[What this task involves]:
The answer must be the lines from the one that holds "Obraz premium Silhouetted" through the final line of the data, copied exactly, with no pictures.

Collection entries

____

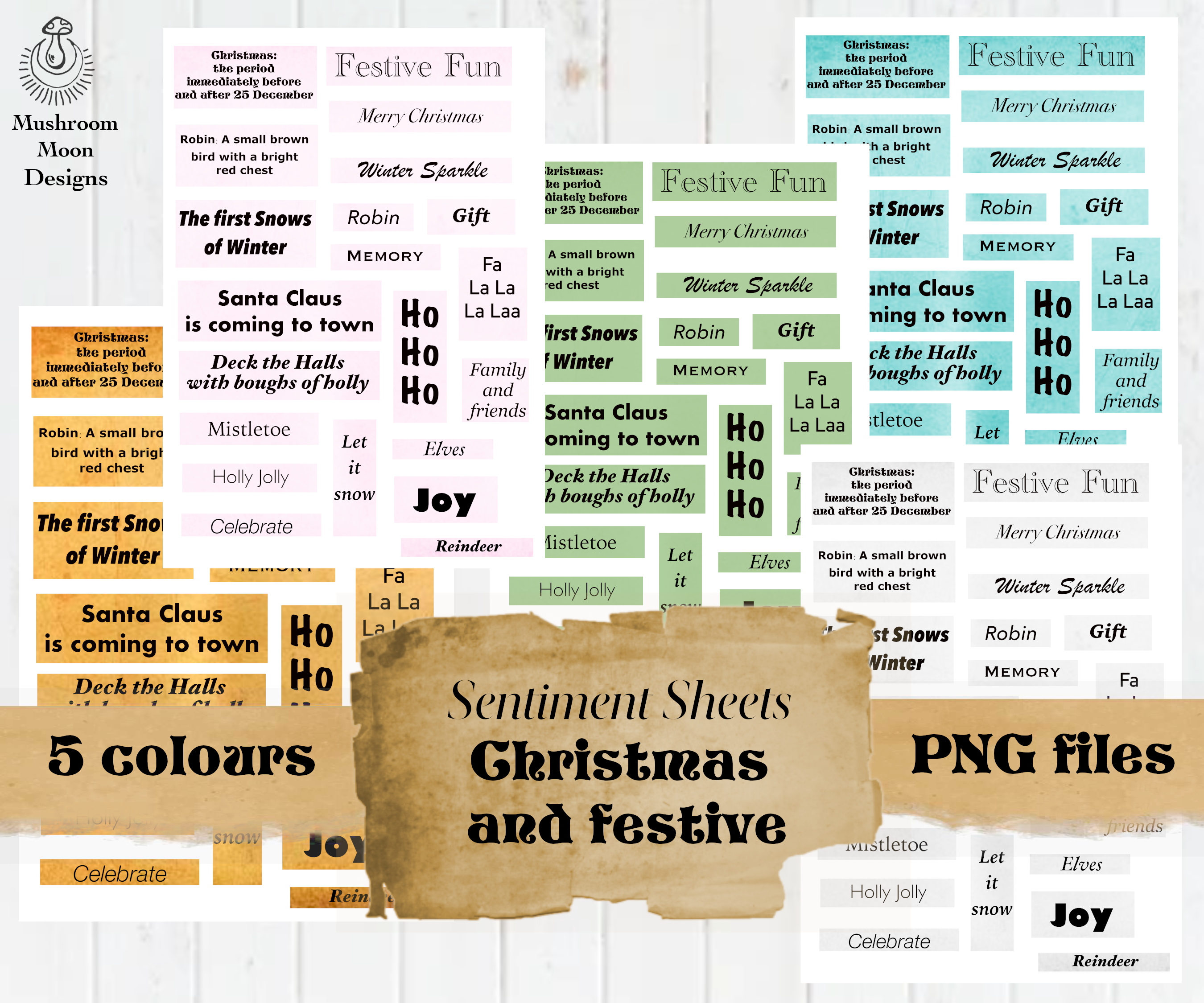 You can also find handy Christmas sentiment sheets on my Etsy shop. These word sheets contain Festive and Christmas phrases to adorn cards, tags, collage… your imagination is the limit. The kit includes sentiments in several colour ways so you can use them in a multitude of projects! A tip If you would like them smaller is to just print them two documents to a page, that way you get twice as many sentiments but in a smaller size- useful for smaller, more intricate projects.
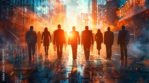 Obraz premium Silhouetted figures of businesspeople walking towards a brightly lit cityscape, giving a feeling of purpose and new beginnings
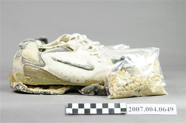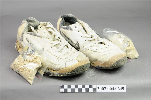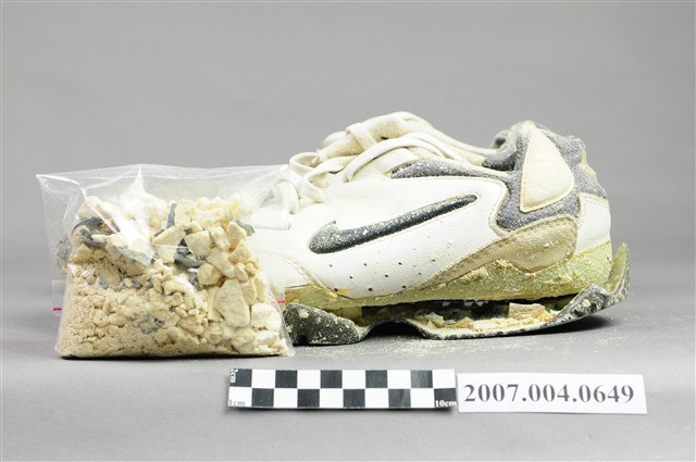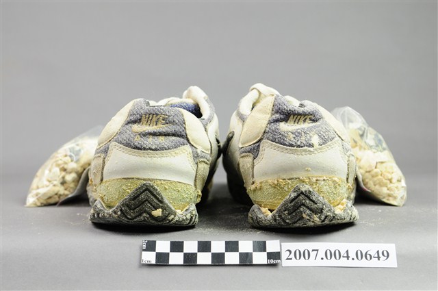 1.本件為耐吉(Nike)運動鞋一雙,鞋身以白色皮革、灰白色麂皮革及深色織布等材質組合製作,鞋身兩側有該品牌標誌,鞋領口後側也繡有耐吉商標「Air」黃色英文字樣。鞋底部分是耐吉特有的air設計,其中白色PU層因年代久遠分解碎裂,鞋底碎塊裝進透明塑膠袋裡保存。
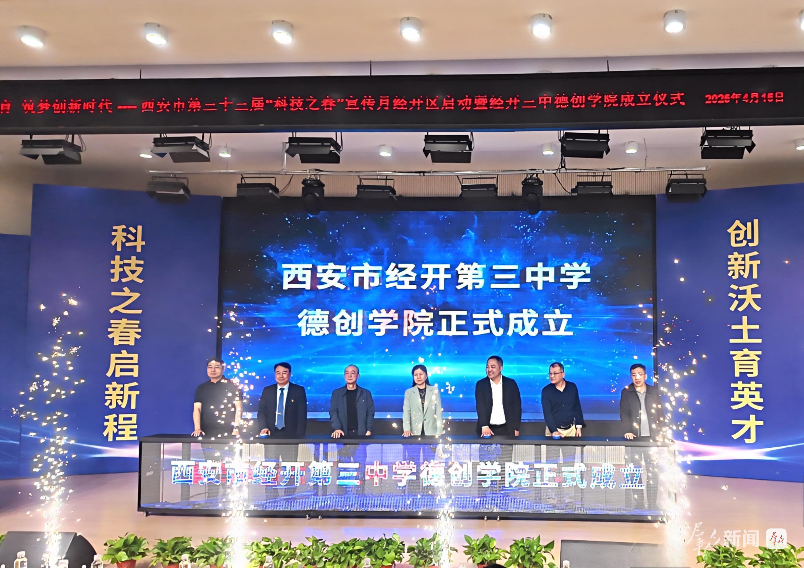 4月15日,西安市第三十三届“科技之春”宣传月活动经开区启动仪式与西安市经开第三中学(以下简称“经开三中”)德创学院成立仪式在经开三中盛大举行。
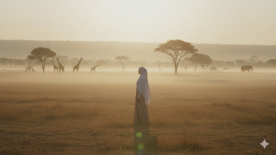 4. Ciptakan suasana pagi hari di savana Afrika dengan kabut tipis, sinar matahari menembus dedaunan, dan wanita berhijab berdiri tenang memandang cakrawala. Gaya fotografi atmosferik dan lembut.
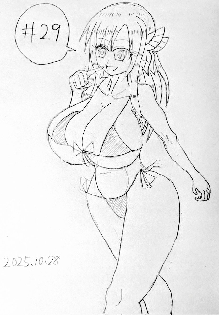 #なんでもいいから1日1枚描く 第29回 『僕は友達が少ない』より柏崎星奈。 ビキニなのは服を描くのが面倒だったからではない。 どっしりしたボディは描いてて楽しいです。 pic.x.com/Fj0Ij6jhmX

____

[Finished task]:
 Obraz premium Silhouetted figures of businesspeople walking towards a brightly lit cityscape, giving a feeling of purpose and new beginnings
 1.本件為耐吉(Nike)運動鞋一雙,鞋身以白色皮革、灰白色麂皮革及深色織布等材質組合製作,鞋身兩側有該品牌標誌,鞋領口後側也繡有耐吉商標「Air」黃色英文字樣。鞋底部分是耐吉特有的air設計,其中白色PU層因年代久遠分解碎裂,鞋底碎塊裝進透明塑膠袋裡保存。
 4月15日,西安市第三十三届“科技之春”宣传月活动经开区启动仪式与西安市经开第三中学(以下简称“经开三中”)德创学院成立仪式在经开三中盛大举行。
 4. Ciptakan suasana pagi hari di savana Afrika dengan kabut tipis, sinar matahari menembus dedaunan, dan wanita berhijab berdiri tenang memandang cakrawala. Gaya fotografi atmosferik dan lembut.
 #なんでもいいから1日1枚描く 第29回 『僕は友達が少ない』より柏崎星奈。 ビキニなのは服を描くのが面倒だったからではない。 どっしりしたボディは描いてて楽しいです。 pic.x.com/Fj0Ij6jhmX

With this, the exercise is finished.